Since General Benham’s fiasco last June, the US Navy has been busy working up its own plans for taking Charleston, South Carolina. The ability of the Monitor to withstand punishment in her duel with the more heavily armed Virginia at Hampton Roads last March convinced Secretary of the Navy Gideon Wells and his assistant, Gustavus Fox, that the revolutionary little ironclad is just the weapon to bring Charleston to her knees. Lobbying before a Congressional committee for an entire fleet of such ships, Fox rashly asserted that the Monitor is impregnable, and could steam into Charleston Harbor all by herself.
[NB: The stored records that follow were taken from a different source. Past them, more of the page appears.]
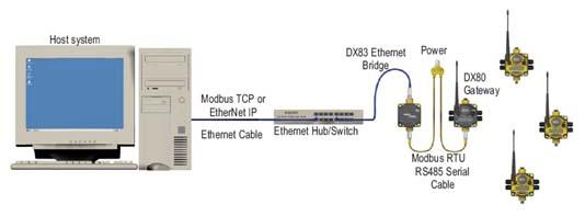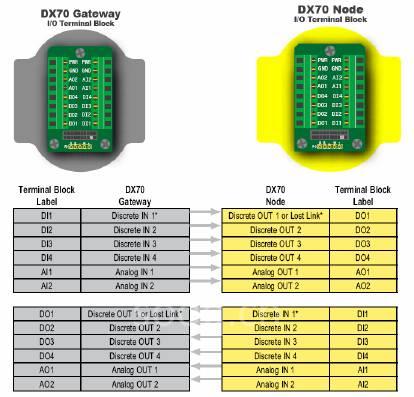 DX70 无线网络系统可将现场离散传感器信号通过节点传输到控制室的的网关。可以支持各种传感器的输入,如开关量、模拟量、热电偶等信号。采用跳频扩频技术(FHSS),抗干扰性能好。SureCross节点可连接液位、PH值、电导率和流量等各种模拟量信号,而这些模拟量信号分散在水处理厂的不同的地方,节点通过网关将数据发送到中央控制中心,DX70的无线网络系统解决了污水处理厂环境的障碍、资源的影响等因素,明副其实地成为了连接分布在污水处理各个环节传感器眼睛的视觉神经网络系统。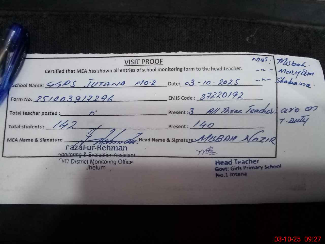 | Attendance Register | Head Teacher | MEA with School | Visit Proof |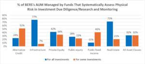 To further the BERS’s overall goal of reducing their carbon footprint, the Bureau of Asset Management also engaged with over 100 publicly traded portfolio companies in the BERS’s portfolio to encourage swift action that will position their company to meet our current moment and take advantage of growing opportunities in the clean energy sector. Two of the largest banks in the world disclosed their energy supply ratios and methodologies after reaching settlement with BERS. The majority of our public market managers have plans that are aligned with BERS’ net zero expectations. BERS also expanded its investments in clean energy and climate solutions.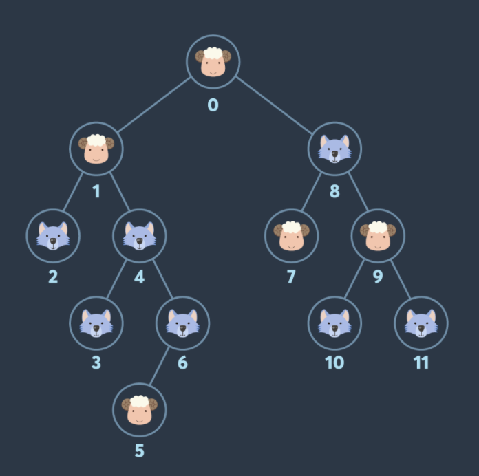 2진 트리 모양 초원의 각 노드에 늑대와 양이 한 마리씩 놓여 있습니다. 이 초원의 루트 노드에서 출발하여 각 노드를 돌아다니며 양을 모으려 합니다. 각 노드를 방문할 때 마다 해당 노드에 있던 양과 늑대가 당신을 따라오게 됩니다. 이때, 늑대는 양을 잡아먹을 기회를 노리고 있으며, 당신이 모은 양의 수보다 늑대의 수가 같거나 더 많아지면 바로 모든 양을 잡아먹어 버립니다.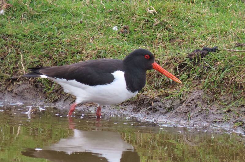 Nederlandse naam: Scholekster neemt een bad en zoekt voedsel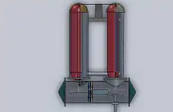 Následující obrázek nezobrazuje vnitřní tepelné výměníky a regenerátor, které mohou být umístěny na potrubí kolem přehaněče. Regenerátor může být také umístěn v pístu přehaněče.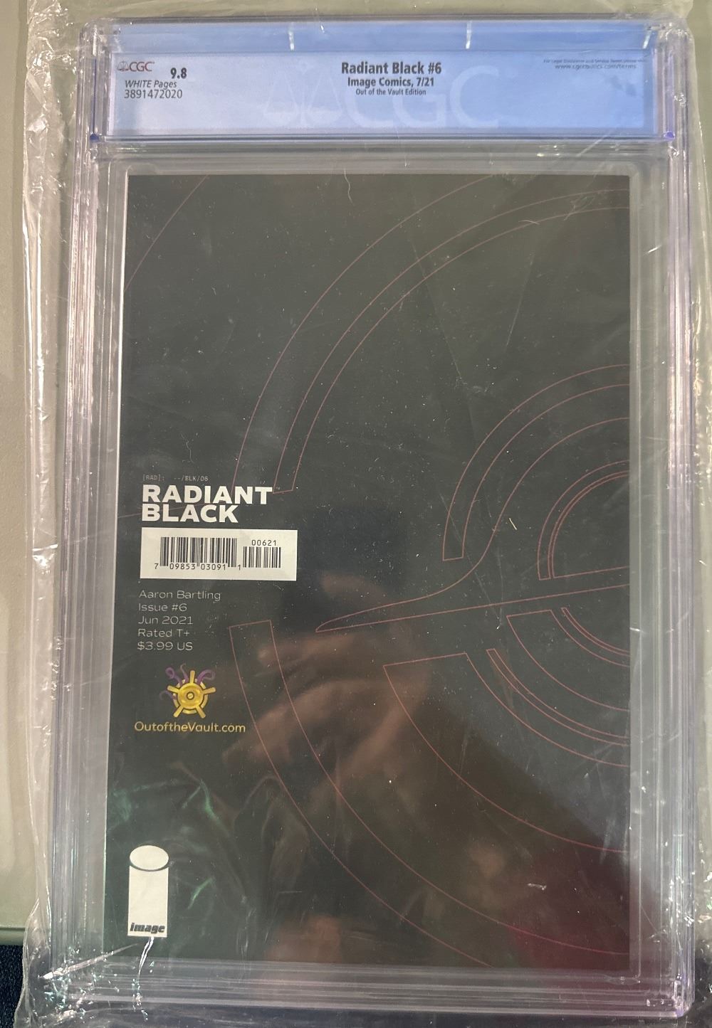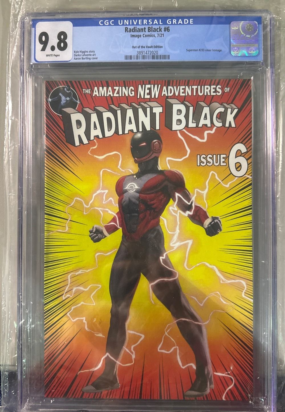 Graded 9.8 by CGC. Radiant Black #6, the "Out of the Vault" exclusive edition from Image Comics (July 2021). Features a Superman #233 homage cover by artist Aaron Bartling. Story by Kyle Higgins. SKU: IC-20260313-1038-76-J-260313-17
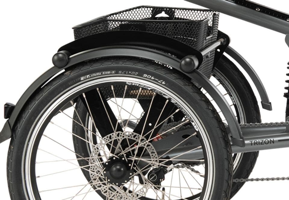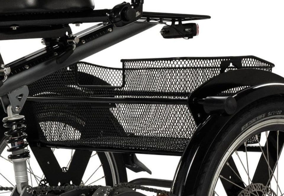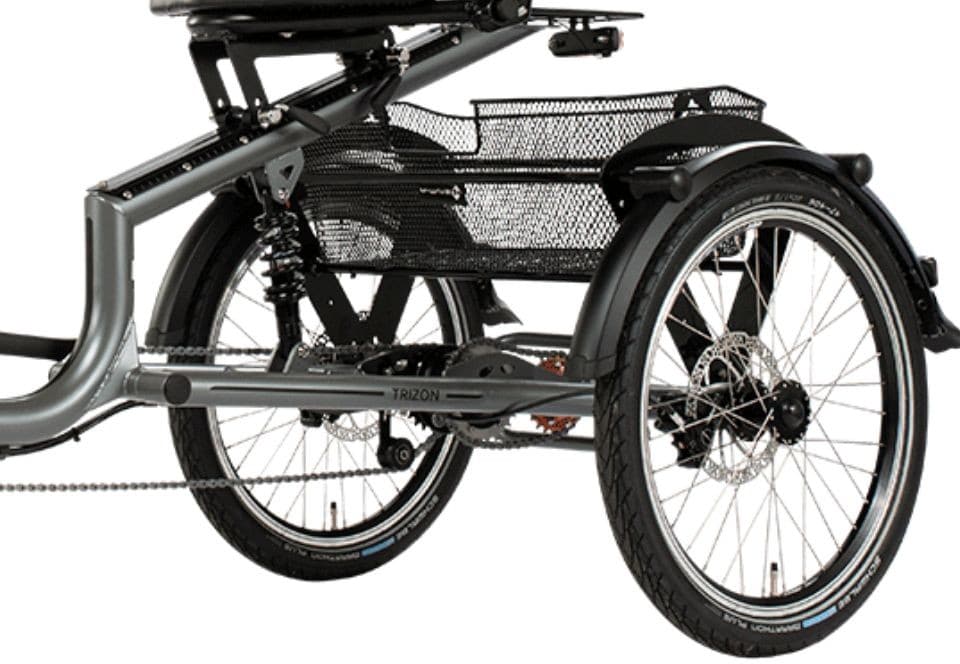 Pfautec Trizon driewieler met ergonomische stoel, 7 Nexus versnellingen, hydraulische schijfremmen met parkeerfunctie, geveerde achtervork en bagagemand.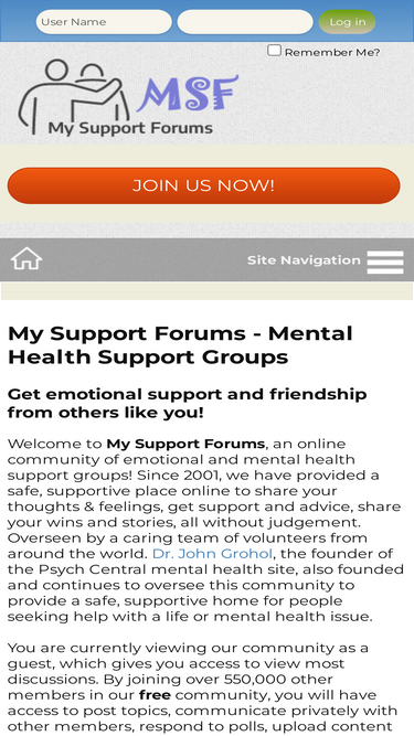 98%over 250 self-help support groups and forums for emotional support, mental health, psychotherapy, and mental illness.

It would be a simple matter, Fox contended, for a flotilla of monitors to compel a quick surrender. He was determined that the Navy should have the glory of capturing Charleston, and the sooner the better. As Fox put it, he has two responsibilities: “First to beat our Southern friends; second to beat the Army.” In Fox’s plan for the Charleston operation, the Army will play only a secondary role: Ten thousand soldiers would be landed on the undefended shores of Folly Island, south of the city, and stand by to occupy Charleston once it has been battered into submission by the Navy’s guns. It would be another New Orleans. But unlike New Orleans, which had been defended by two strongpoints downriver, Charleston Harbor is, in the words of a US Navy officer, “a cul-de-sac, a circle of fire” comparable to “a porcupine’s quills turned outside in.” the imposing ring of forts that protect it will have to be silenced; otherwise, they will pound the fleet as it sails through the harbor.
The Federal officer who is to lead the ironclad flotilla against Charleston is Rear Admiral Samuel F. Du Pont, a hale and handsome aristocrat nearing his sixtieth year. As commander of the South Atlantic Blockading Squadron and hero of the attack on the Port Royal forts, Du Pont possesses impressive credentials. As an old school Navy man who has spent his professional career commanding wooden warships, however, he is mistrustful of the newfangled machines he is to lead into Charleston Harbor. He worries about their maneuverability, their seaworthiness, and their offensive capabilities against strong coastal defenses. Each monitor mounts two guns, a 15-incher and an 11-inch Dahlgren, both in a heavily armored rotating turret. These guns are bigger than any that General Beauregard can bring to bear against them, but under the best of circumstances they can be fired only once every five minutes. (As one wag put it, a man could smoke a cigar between firings.) The monitors are nearly immune to sinking by shore fire, but their delicate machinery is easily damaged. Cannonballs striking their turrets can jam the gun-rotating mechanisms and porthole shutters, leaving the vessels crippled as fighting machines.
By now Du Pont has received the first monitors. To test their firepower and vulnerability, he dispatches a naval force led by the monitor USS Montauk, against Fort McAllister, a huge earthwork on the Ogeechee River south of Savannah, Georgia. After several hours’ bombardment, the squadron inflicts virtually no damage and withdraws.
There are affairs at Bloomfield, Missouri; near Germantown, Tennessee; a Federal reconnaissance on the Neuse, Dover, and Trent roads, North Carolina; and a skirmish at Deserted House near Suffolk, Virginia.
The proprietor of the Philadelphia Journal, A.D. Boileau, is arrested and taken to Washington for printing anti-Northern material.
President Davis compliments Governor Brown of Georgia for cutting back cotton cultivation and urging produce cultivation, adding, “The possibility of a short supply of provisions presents the greatest danger to a successful prosecution of the war.”